Perhaps we’d discover the depths of our relationships, familial and otherwise. Perhaps by being home more often and claiming time as our own rather than falling victim to its speed, we could be intentional about developing friendships out of more than shared circumstance. We’d be drawn to friends’ interests, passions and ways of seeing the world. You would spend time with people because you enjoy them, not because they’re the most tolerable of available options.
I know many people who live fulfilling lives making the circus work. They develop deep and lasting friendships from the bleachers. They happily carve out ways to make it all happen like a choreographed production. I’m thrilled for them and don’t see their contentment as a lesser version of anything. If you’re happy, I’m happy with you and want nothing else from you.
I’m just not much of a dancer.
I’m not advocating for improvements on something that works for many – I’m yearning for an altogether different option for someone who finds little luster in the current patterns. I’m not targeting youth soccer or math club or dance recitals. I’m talking about the entire landscape. Ahem. The American Dream. The idea that what we do trumps who we are veiled in the dazzle of participation ribbons.
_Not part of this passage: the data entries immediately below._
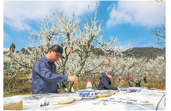
书法爱好者在李花林中挥毫泼墨
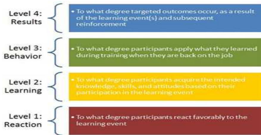
Rajah 1.2 : Model Kirkpatrik
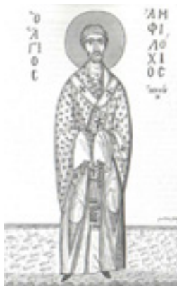
Άγιος Αμφιλόχιος Επίσκοπος Ικονίου
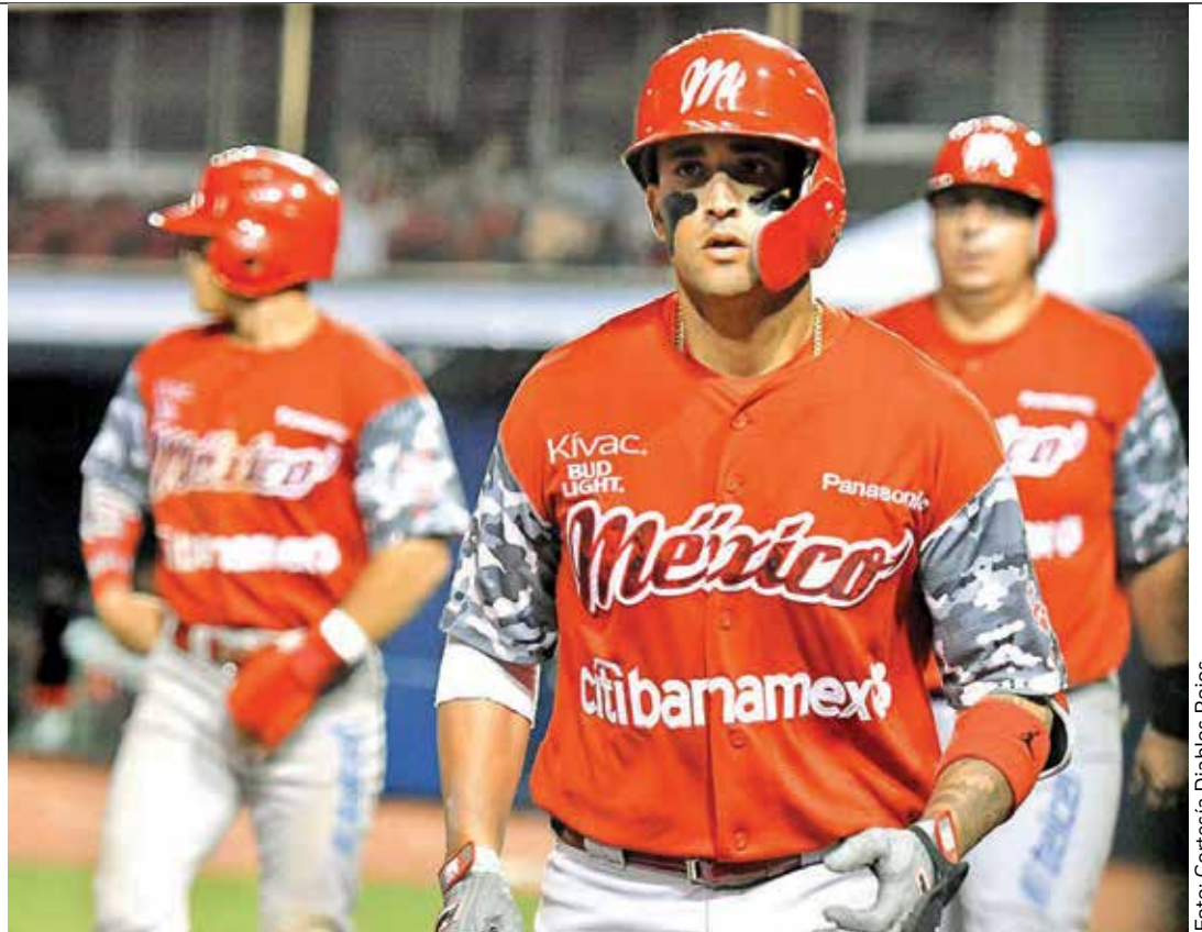
Los pingos montaron una ofensiva de seis carreras en el lapso de la quinta a la séptima entradas.

Nunca en la historia de Las Mayores se han tenido dos duelos de desempate en el mismo año, sobraría decir que mucho menos se ha dado el caso de tres.

But, as I commonly ask, what does that look like? And I beg the questions that I’ll be hearing later: how do you make sure your kids aren’t weird? What if it’s something they want to do? Someday your vote gets smaller – what will you do then?
I don’t know.
I have no freaking idea.
But something in me screams there must be another way. The more I read the words of Jesus, I believe. There’s always another way.
Narrow gates. Few enter.
Jesus asking, “do you want to leave me, too?” Everybody else did.
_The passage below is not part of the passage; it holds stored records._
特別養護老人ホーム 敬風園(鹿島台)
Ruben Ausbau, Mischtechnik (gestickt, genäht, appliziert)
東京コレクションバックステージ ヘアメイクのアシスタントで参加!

“These words I speak to you are not incidental additions to your life, homeowner improvements to your standard of living. They are foundational words, words to build a life on. If you work these words into your life, you are like a smart carpenter who build his house on solid rock. Rain poured down, the river flooded, a tornado hit – but nothing moved that house. It was fixed to the rock. But if you just use my words in Bible studies and don’t work them into your life, you are like a stupid carpenter who built his house on the sandy beach. [Who doesn’t want to be part of the beachfront property owner club?**] When a storm rolled in and waves came up, it collapsed like a house of cards.” (-Jesus, The Message, Matthew 7:24-27)
*I have no idea why I picked on the soccer teams. I’ve never played soccer and find no fault in the soccer crowd. Perhaps popularity makes it an easy target. Substitute t-ball or dance class as you read if it helps.
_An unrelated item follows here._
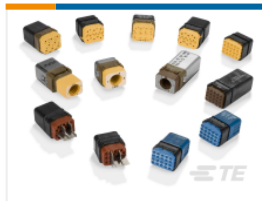
TE 产品编号ZPF000000000163975 DMC-M 99-04 CN (=33537-PC000)
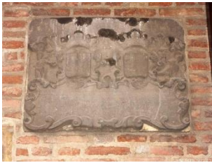
Deze gedenksteen werd in 1745 geplaatst in de muren van de Kraan aan de Waalkade en herinnert aan de hoge rivierwaterstand van 1740. Bovenaan staan de wapens van de burgemeesters Dirck Singendonck en Johannes Swaen.

In 1880 werd besloten om de gevelstenen, die afkomstig waren van de gesloopte stadspoorten en –muren, een plaats te geven op de Gedeputeerdenplaats van het stadhuis. Ze werden in de westmuur van het binnenplaatsje ingemetseld.

**Clearly my own commentary, not a part of scripture. But I think it’s a point to be examined.
yo. i’m with you on this. lots. we keep it simple. look for things that we know the kids will like, but mostly spend much of our time as a family. especially for this season of life. with the size of our family, i know they are learning to communicate with others. when we go to places, they learn to behave outside of the home. when they go to school/activity, they learn to listen to someone else. but mostly, my goal is that our family is a team. we work together to get things done, and we will encourage our kiddos if they have an interest outside of the home, but we might not say ‘lets do piano, the cello, soccer, dance and whatnot’
who knows what it will look like later, though!